====== Information shown ======

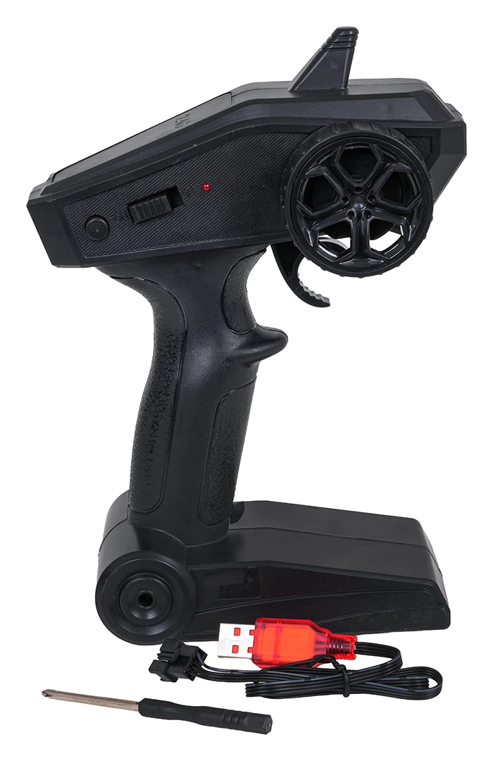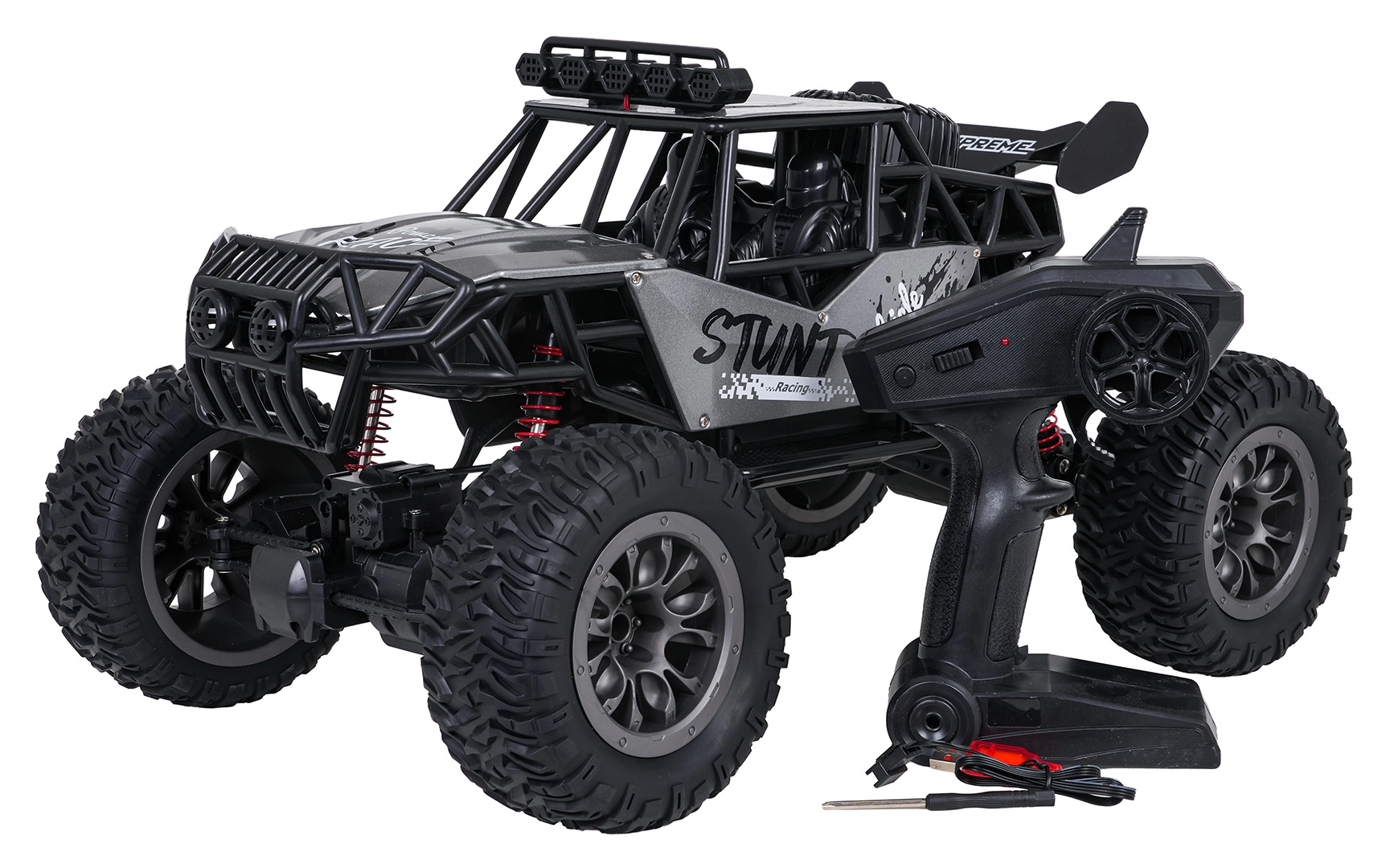 Grazie alla trazione integrale 4x4, all’alta altezza da terra e alle sospensioni a molla indipendenti, il modello scala facilmente gli ostacoli e gestisce acrobazie. I fari anteriori e il pannello LED sul tetto migliorano la visibilità e donano un look accattivante. La pratica alimentazione con batteria da 7,4 V (inclusa) fa risparmiare pile; il radiocomando richiede 4× AA (non incluse).
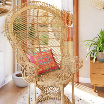 Le style seventies s’invite aussi dans votre chambre avec le fauteuil en rotin Emmanuelle. Nul doute que son charme décalé, un brin bohème, et son imposante stature feront de lui une pièce forte de votre déco.
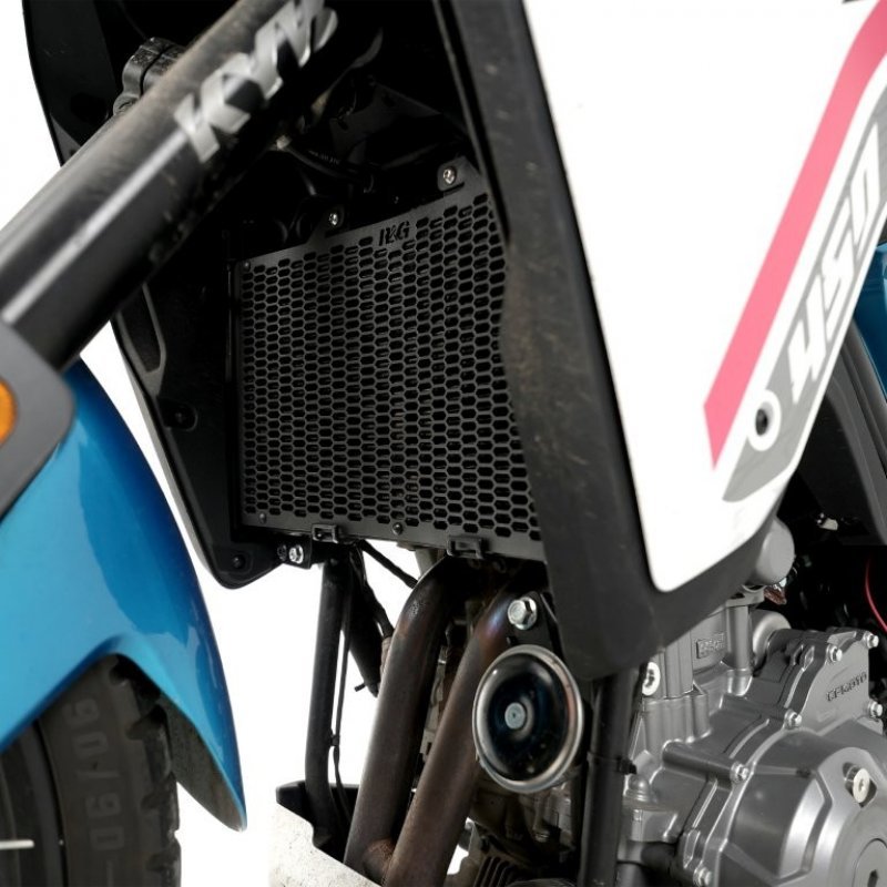 Der R&G Kühlergitter Schutz PRO BLACK bietet Ihnen einen kompromisslosen Schutz für Ihren Wasserkühler und ist speziell passend für CF Moto 450 MT ab 2024 entwickelt. Mit seinem innovativen geometrischen „Hexa“-Design schützt der Kühlerschutz effektiv vor Steinschlag und Schmutz, ohne den Luftstrom oder die Kühlleistung zu beeinträchtigen. Gefertigt aus einem einzelnen Stück hochwertigem, leichtem Aluminium, überzeugt der R&G PRO Kühlergitter Schutz durch maximale Stabilität bei minimalem Gewicht. Die strukturierte, matte Pulverbeschichtung sorgt zudem für Korrosionsbeständigkeit und ein modernes, sportliches Erscheinungsbild. Die Installation erfolgt einfach und ohne dauerhafte Änderungen am Motorrad – alle benötigten Befestigungsteile sind bereits im Lieferumfang enthalten. Damit bietet der PRO BLACK Kühlerschutz die perfekte Kombination aus Schutz, Design und Funktionalität für Ihr Fahrzeug.
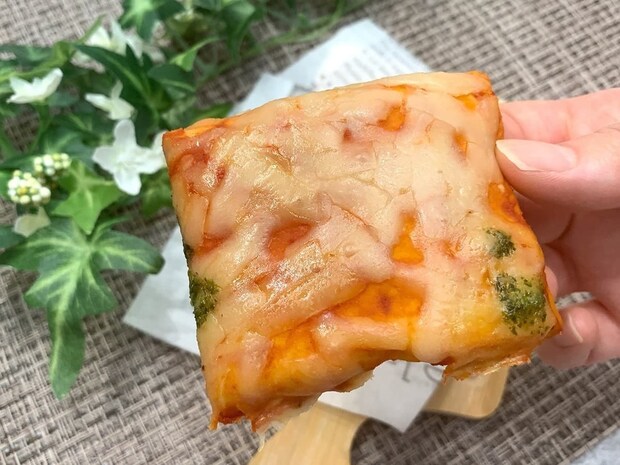 味わいは、通常のピザに比べると全体的にややマイルドですが、それでもバジル、チーズ、トマトの風味はしっかりと感じられ、「ピザを食べたい」という欲求を十分に満たしてくれます。
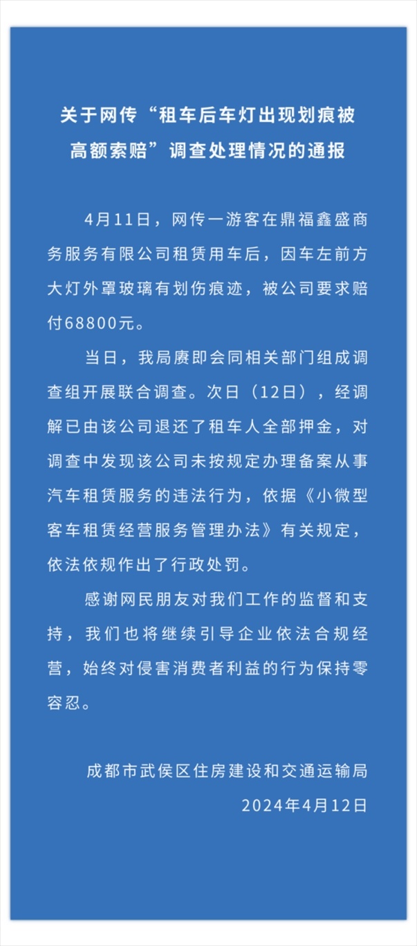 ·官方通報(bào)男子在成都遭遇“提燈驗(yàn)車”:已退還押金,涉事租車公司被行政處罰。
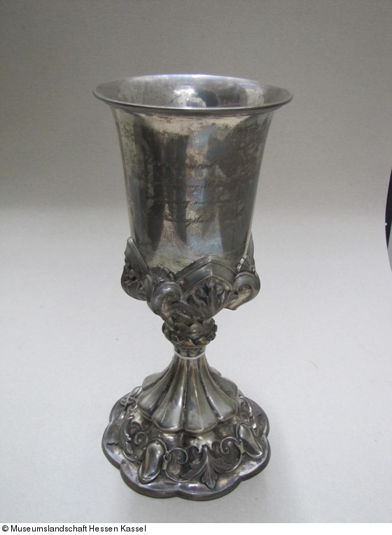 Die Rückbesinnung der um 1800 entstandenen Romantik auf das Mittelalter, in deren Folge auch Renaissance und Barock eine neue Wertschätzung erfuhren, führte im Kunstgewerbe bis etwa zum Ende des Jahrhunderts zur Popularität historisierender Formen. – Der mit Spitzbögen und Blattwerk geschmückte Fuß gibt dem Pokal trotz der schlicht gestalteten Kuppa ein insgesamt gotisches Aussehen. Die Wandung trägt die gravierte Inschrift: „Herrn Conrad Wagner / in Anerkennung 50jähriger treuer / Dienstführung am 1. Juni 1876 / Die Residenzstadt Cassel“ und auf der Gegenseite das Kasseler Stadtwappen.

======

Task instructions — Pictures aside, every entry above must be repeated exactly.

Answer below —
 Grazie alla trazione integrale 4x4, all’alta altezza da terra e alle sospensioni a molla indipendenti, il modello scala facilmente gli ostacoli e gestisce acrobazie. I fari anteriori e il pannello LED sul tetto migliorano la visibilità e donano un look accattivante. La pratica alimentazione con batteria da 7,4 V (inclusa) fa risparmiare pile; il radiocomando richiede 4× AA (non incluse).
 Le style seventies s’invite aussi dans votre chambre avec le fauteuil en rotin Emmanuelle. Nul doute que son charme décalé, un brin bohème, et son imposante stature feront de lui une pièce forte de votre déco.
 Der R&G Kühlergitter Schutz PRO BLACK bietet Ihnen einen kompromisslosen Schutz für Ihren Wasserkühler und ist speziell passend für CF Moto 450 MT ab 2024 entwickelt. Mit seinem innovativen geometrischen „Hexa“-Design schützt der Kühlerschutz effektiv vor Steinschlag und Schmutz, ohne den Luftstrom oder die Kühlleistung zu beeinträchtigen. Gefertigt aus einem einzelnen Stück hochwertigem, leichtem Aluminium, überzeugt der R&G PRO Kühlergitter Schutz durch maximale Stabilität bei minimalem Gewicht. Die strukturierte, matte Pulverbeschichtung sorgt zudem für Korrosionsbeständigkeit und ein modernes, sportliches Erscheinungsbild. Die Installation erfolgt einfach und ohne dauerhafte Änderungen am Motorrad – alle benötigten Befestigungsteile sind bereits im Lieferumfang enthalten. Damit bietet der PRO BLACK Kühlerschutz die perfekte Kombination aus Schutz, Design und Funktionalität für Ihr Fahrzeug.
 味わいは、通常のピザに比べると全体的にややマイルドですが、それでもバジル、チーズ、トマトの風味はしっかりと感じられ、「ピザを食べたい」という欲求を十分に満たしてくれます。
 ·官方通報(bào)男子在成都遭遇“提燈驗(yàn)車”:已退還押金,涉事租車公司被行政處罰。
 Die Rückbesinnung der um 1800 entstandenen Romantik auf das Mittelalter, in deren Folge auch Renaissance und Barock eine neue Wertschätzung erfuhren, führte im Kunstgewerbe bis etwa zum Ende des Jahrhunderts zur Popularität historisierender Formen. – Der mit Spitzbögen und Blattwerk geschmückte Fuß gibt dem Pokal trotz der schlicht gestalteten Kuppa ein insgesamt gotisches Aussehen. Die Wandung trägt die gravierte Inschrift: „Herrn Conrad Wagner / in Anerkennung 50jähriger treuer / Dienstführung am 1. Juni 1876 / Die Residenzstadt Cassel“ und auf der Gegenseite das Kasseler Stadtwappen.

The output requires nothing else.